#### How to complete this task:
The needed output is the run of lines below from the one containing "К творогу добавьте" through the one containing "Depicts the mountains", copied exactly and free of pictures.

*** Records to use

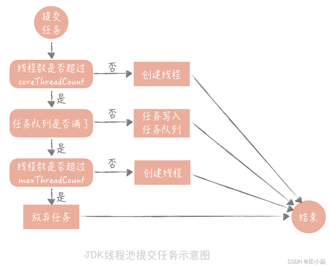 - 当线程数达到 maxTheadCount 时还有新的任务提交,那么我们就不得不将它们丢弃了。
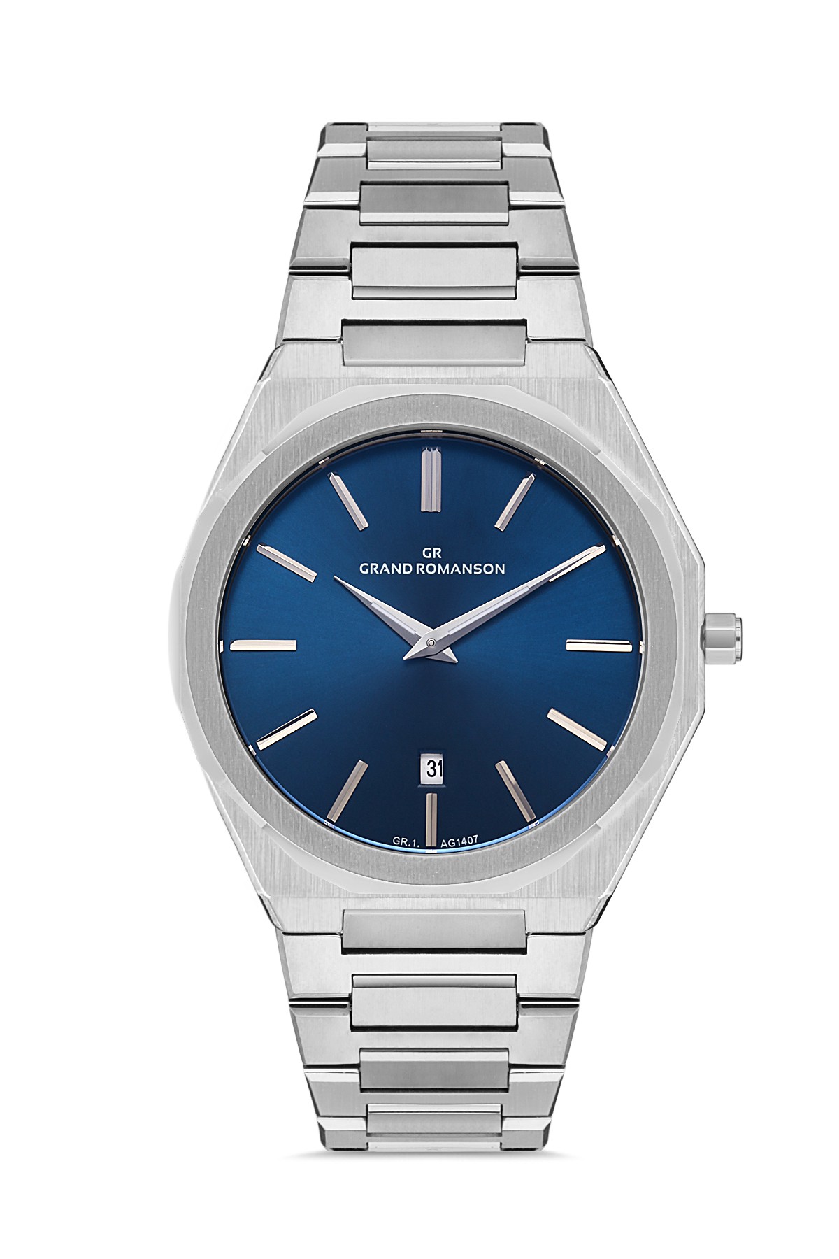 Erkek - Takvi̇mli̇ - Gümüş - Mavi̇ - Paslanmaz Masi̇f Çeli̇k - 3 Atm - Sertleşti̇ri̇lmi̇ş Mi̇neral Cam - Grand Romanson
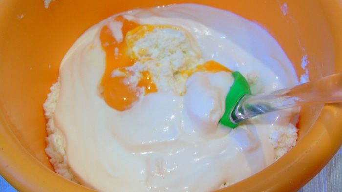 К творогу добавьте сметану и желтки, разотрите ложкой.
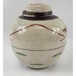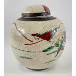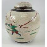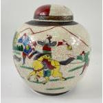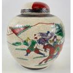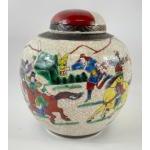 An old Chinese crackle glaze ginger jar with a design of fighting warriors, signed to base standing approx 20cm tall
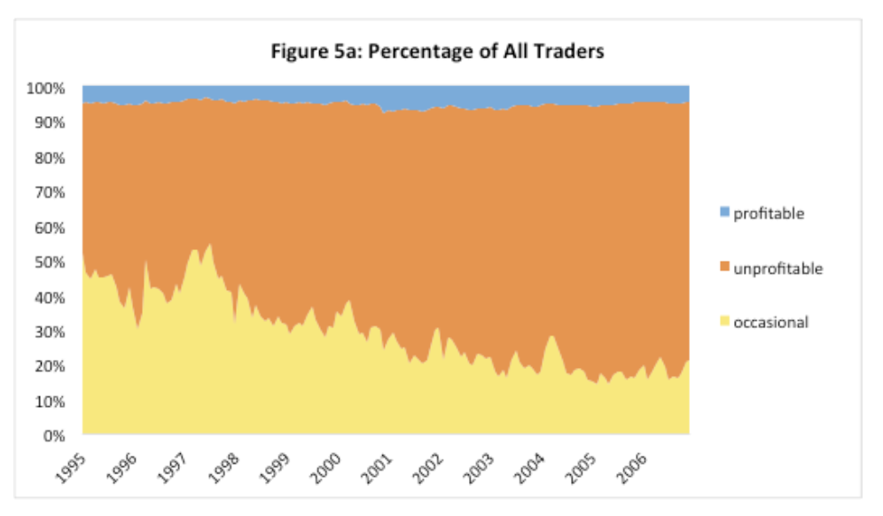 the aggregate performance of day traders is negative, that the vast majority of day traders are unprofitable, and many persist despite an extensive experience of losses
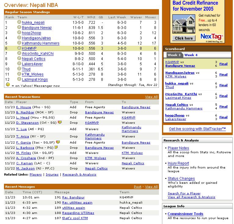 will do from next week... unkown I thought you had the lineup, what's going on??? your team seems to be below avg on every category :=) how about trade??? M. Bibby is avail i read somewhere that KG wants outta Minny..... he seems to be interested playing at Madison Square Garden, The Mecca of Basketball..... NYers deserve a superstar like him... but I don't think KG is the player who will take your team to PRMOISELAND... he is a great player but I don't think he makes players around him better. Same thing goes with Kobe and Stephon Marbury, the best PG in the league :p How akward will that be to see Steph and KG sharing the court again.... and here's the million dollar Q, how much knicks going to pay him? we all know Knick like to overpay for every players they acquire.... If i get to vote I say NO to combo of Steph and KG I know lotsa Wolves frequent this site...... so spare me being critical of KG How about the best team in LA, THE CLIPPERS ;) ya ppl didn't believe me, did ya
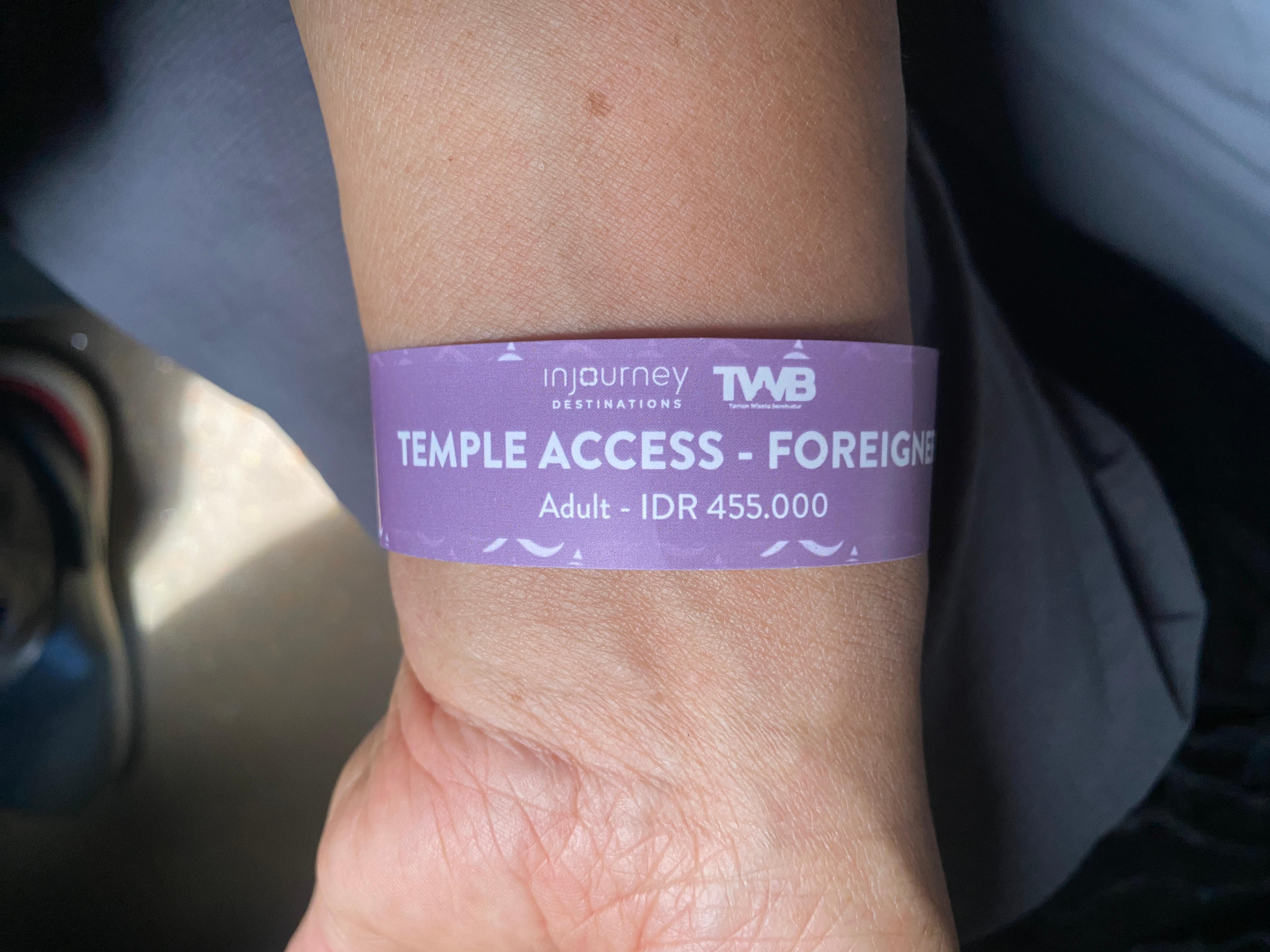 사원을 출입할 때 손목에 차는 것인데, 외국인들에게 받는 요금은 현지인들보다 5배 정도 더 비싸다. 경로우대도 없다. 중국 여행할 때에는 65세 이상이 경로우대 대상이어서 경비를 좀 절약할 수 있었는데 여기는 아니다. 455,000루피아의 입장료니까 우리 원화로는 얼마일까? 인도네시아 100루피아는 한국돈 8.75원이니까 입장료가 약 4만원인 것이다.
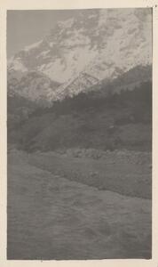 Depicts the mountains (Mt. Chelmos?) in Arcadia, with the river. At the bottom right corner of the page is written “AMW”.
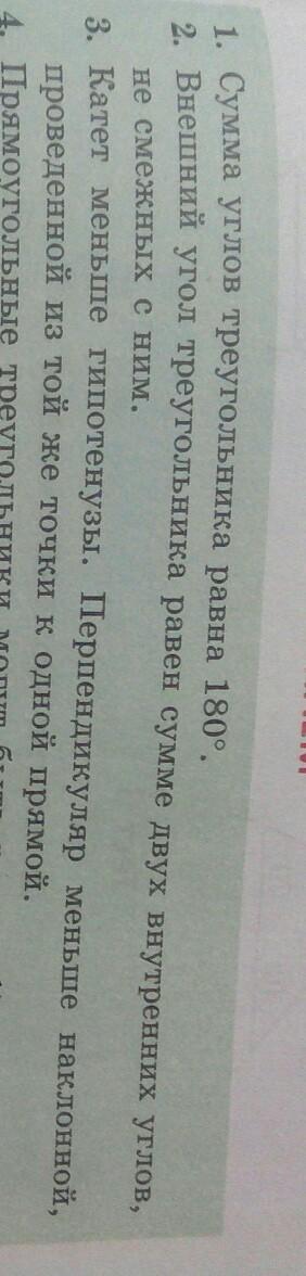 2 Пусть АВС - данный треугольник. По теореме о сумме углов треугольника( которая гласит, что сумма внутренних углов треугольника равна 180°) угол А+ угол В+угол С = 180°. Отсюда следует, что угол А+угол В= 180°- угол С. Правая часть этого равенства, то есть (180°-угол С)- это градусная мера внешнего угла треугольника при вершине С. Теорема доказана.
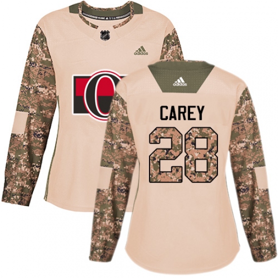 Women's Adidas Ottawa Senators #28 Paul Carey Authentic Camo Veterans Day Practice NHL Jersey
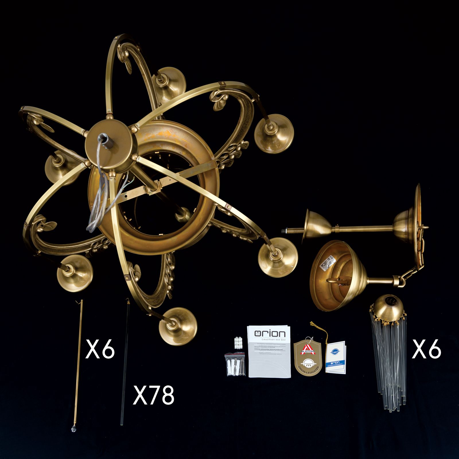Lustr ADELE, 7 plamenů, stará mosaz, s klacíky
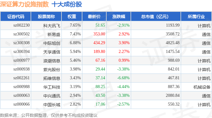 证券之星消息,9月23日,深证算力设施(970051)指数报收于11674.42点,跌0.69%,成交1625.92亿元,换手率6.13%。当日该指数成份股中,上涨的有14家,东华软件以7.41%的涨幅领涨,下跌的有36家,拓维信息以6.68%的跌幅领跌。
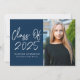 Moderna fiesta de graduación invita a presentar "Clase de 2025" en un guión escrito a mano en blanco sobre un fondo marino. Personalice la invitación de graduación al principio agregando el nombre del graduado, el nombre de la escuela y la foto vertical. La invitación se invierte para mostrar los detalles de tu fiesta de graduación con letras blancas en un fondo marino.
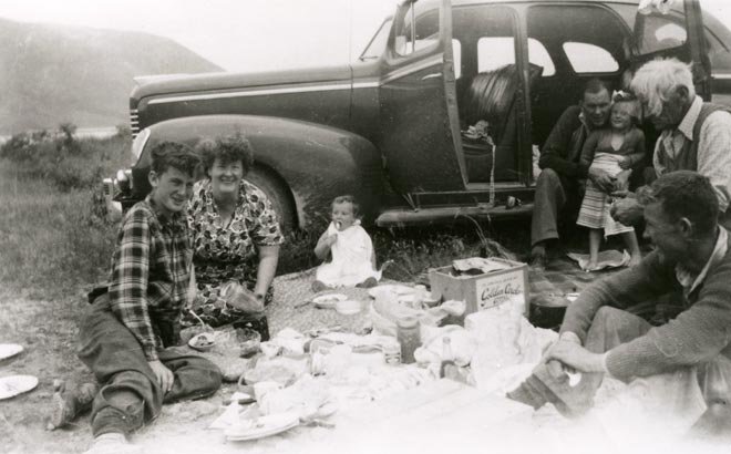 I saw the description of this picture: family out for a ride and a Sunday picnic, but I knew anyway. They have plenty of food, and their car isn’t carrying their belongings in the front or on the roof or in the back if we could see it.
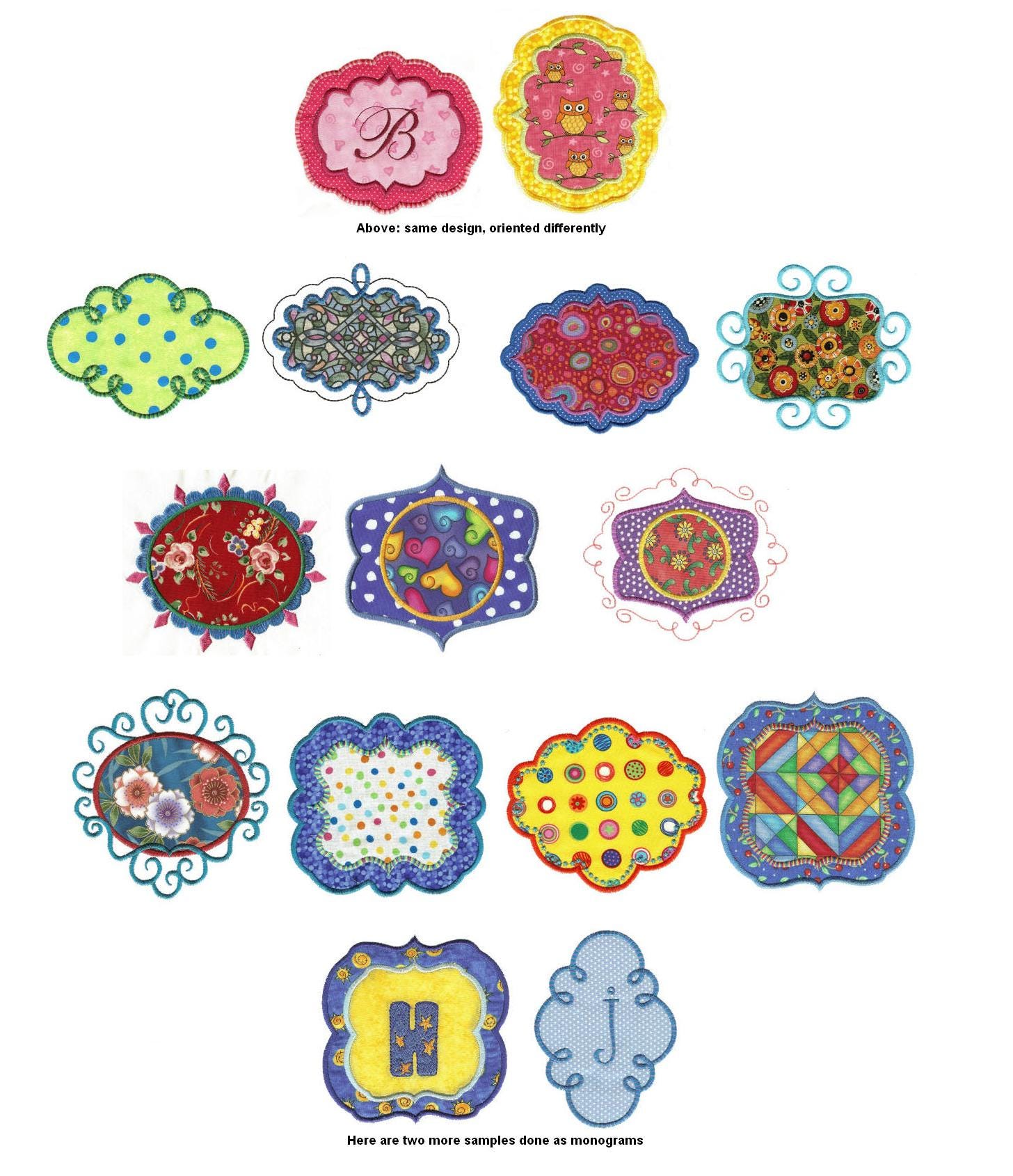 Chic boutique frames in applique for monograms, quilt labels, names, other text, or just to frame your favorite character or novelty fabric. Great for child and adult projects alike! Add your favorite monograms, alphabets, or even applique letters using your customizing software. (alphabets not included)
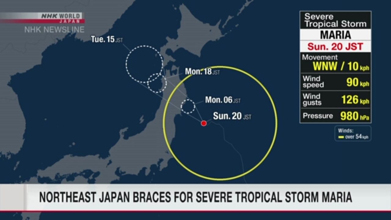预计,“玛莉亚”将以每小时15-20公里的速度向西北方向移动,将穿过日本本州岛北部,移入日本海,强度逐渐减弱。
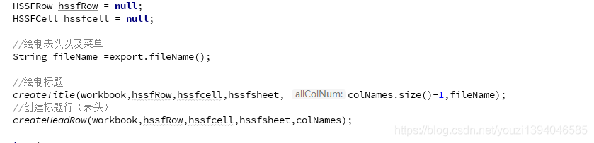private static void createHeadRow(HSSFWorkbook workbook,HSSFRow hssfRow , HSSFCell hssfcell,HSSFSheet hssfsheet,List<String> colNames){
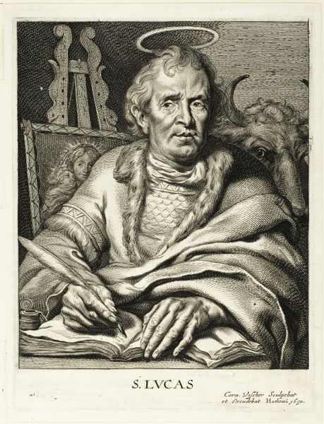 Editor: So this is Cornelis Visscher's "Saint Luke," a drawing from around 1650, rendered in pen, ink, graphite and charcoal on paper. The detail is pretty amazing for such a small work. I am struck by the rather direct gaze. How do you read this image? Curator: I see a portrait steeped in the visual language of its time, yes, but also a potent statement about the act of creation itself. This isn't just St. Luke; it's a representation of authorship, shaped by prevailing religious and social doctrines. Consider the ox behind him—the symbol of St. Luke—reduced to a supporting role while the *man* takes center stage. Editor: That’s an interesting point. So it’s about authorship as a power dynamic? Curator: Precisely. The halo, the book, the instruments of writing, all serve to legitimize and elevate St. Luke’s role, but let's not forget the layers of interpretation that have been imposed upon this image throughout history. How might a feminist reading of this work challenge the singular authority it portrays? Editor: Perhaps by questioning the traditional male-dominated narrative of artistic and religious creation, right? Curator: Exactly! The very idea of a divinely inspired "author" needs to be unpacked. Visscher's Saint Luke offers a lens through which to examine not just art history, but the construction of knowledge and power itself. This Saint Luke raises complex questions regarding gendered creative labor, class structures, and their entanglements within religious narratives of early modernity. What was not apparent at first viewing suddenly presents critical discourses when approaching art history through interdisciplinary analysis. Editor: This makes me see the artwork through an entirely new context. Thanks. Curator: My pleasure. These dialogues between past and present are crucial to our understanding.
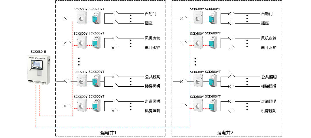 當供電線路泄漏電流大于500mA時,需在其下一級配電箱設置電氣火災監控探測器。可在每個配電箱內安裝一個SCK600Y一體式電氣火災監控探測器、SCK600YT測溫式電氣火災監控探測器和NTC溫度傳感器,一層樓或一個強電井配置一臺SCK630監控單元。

******

#### Reply to the task:
 К творогу добавьте сметану и желтки, разотрите ложкой.
 An old Chinese crackle glaze ginger jar with a design of fighting warriors, signed to base standing approx 20cm tall
 the aggregate performance of day traders is negative, that the vast majority of day traders are unprofitable, and many persist despite an extensive experience of losses
 will do from next week... unkown I thought you had the lineup, what's going on??? your team seems to be below avg on every category :=) how about trade??? M. Bibby is avail i read somewhere that KG wants outta Minny..... he seems to be interested playing at Madison Square Garden, The Mecca of Basketball..... NYers deserve a superstar like him... but I don't think KG is the player who will take your team to PRMOISELAND... he is a great player but I don't think he makes players around him better. Same thing goes with Kobe and Stephon Marbury, the best PG in the league :p How akward will that be to see Steph and KG sharing the court again.... and here's the million dollar Q, how much knicks going to pay him? we all know Knick like to overpay for every players they acquire.... If i get to vote I say NO to combo of Steph and KG I know lotsa Wolves frequent this site...... so spare me being critical of KG How about the best team in LA, THE CLIPPERS ;) ya ppl didn't believe me, did ya
 사원을 출입할 때 손목에 차는 것인데, 외국인들에게 받는 요금은 현지인들보다 5배 정도 더 비싸다. 경로우대도 없다. 중국 여행할 때에는 65세 이상이 경로우대 대상이어서 경비를 좀 절약할 수 있었는데 여기는 아니다. 455,000루피아의 입장료니까 우리 원화로는 얼마일까? 인도네시아 100루피아는 한국돈 8.75원이니까 입장료가 약 4만원인 것이다.
 Depicts the mountains (Mt. Chelmos?) in Arcadia, with the river. At the bottom right corner of the page is written “AMW”.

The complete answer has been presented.